Due to its large piezoelectric and electrostrictive responses to an applied electric field the (1−x)Pb(Mg1/3Nb2/3)O3–xPbTiO3 (PMN-PT) solid solution has been widely investigated as a promising material for different actuator applications. This paper discusses some of the recent achievements in the field of PMN-PT piezoelectric and electrostrictive actuators manufactured from PMN-PT single crystals, bulk ceramics, or thick films. The functional properties of PMN-PT materials and some representative examples of the investigated PMN-PT actuator structures and their applications are reported.
1. Introduction
In recent years, the fabrication of ferroelectric materials has been extensively studied, with a particular emphasis on micro- and nanodevices. Ferroelectric and piezoelectric films are mostly based on lead oxide compounds, mainly Pb(Zr,Ti)O3 (PZT) solid solutions. An alternative to PZT are the relaxor-based systems, that is, the Pb(Mg1/3Nb2/3)O3-PbTiO3 (in short form PMN-PT) material. PMN-PT-based materials are characterized by a high dielectric permittivity, high piezoelectric properties, high electrostriction, and are suitable for applications in multilayer capacitors, actuators, sensors, and electro-optical devices [1, 2].
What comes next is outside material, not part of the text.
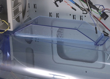 サイドカバーを外すと、真っ先に目にはいるのが透明なダクトである。SilverStoneのSST-TJ06と同じように前方から外気を吸い込み、背面へ熱気を排出する仕組みだ。このような位置にCPUを持ってくるためには、マザーボードを通常とは逆の向きで収納する必要がある。っというわけで、拡張スロットが上に、I/Oパネルが下に来ていたのだ。このあたりの構造もSST-TJ06とまったく同じである。
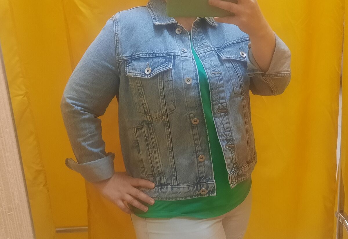 Джинсовка это классика. Просто она немного маловата на вас и смотрится куцо. Поищите более объемную, может в мужском разделе

Piezoelectric and electrostrictive actuators can be used in a wide range of applications, such as micropositioners, to precisely control the positioning in low- to very-heavy-load applications, miniature ultrasonic motors, and adaptive mechanical dampers [3–5]. In mechanical systems, these actuators can generate forces or pressures under static or high-frequency conditions and so activate a suitable mechanical device [6]. Bimorph, bending-type actuators are employed for applications that require a large displacement output, that is, fluid control devices [4, 7], robotic systems [4], and swing CCD (charge-coupled device) mechanisms [7, 8]. In an optical system, an actuator can be used to move a mirror or another optical switch [9, 10], and so forth. Depending on the application, specific constructions of the piezoelectric and electrostrictive actuators are designed, mainly with the appropriate bulk piezoceramic elements. However, recently, there has been a growing interest in micro- and nanometre-sized piezoelectric and electrostrictive actuators, which are particularly attractive for advanced applications in novel research fields, such as micromechanics, robotics, and microfluidics. The active piezoelectric elements integrated into microelectromechanical systems (MEMS) or nanoelectromechanical systems (NEMS) should be a few tens of μm or nm thick, respectively. For that reason, thick- and thin-film piezoelectric actuators are considered as a promising solution for future electromechanical systems and smart-structure technologies. In this paper, the results of investigations of PMN-PT material and possible actuator applications are reviewed. In the first section, the functional properties of the PMN-PT material (single crystals, ceramics, as well as films) are discussed, and in the second section, some examples of PMN-PT actuators are summarized.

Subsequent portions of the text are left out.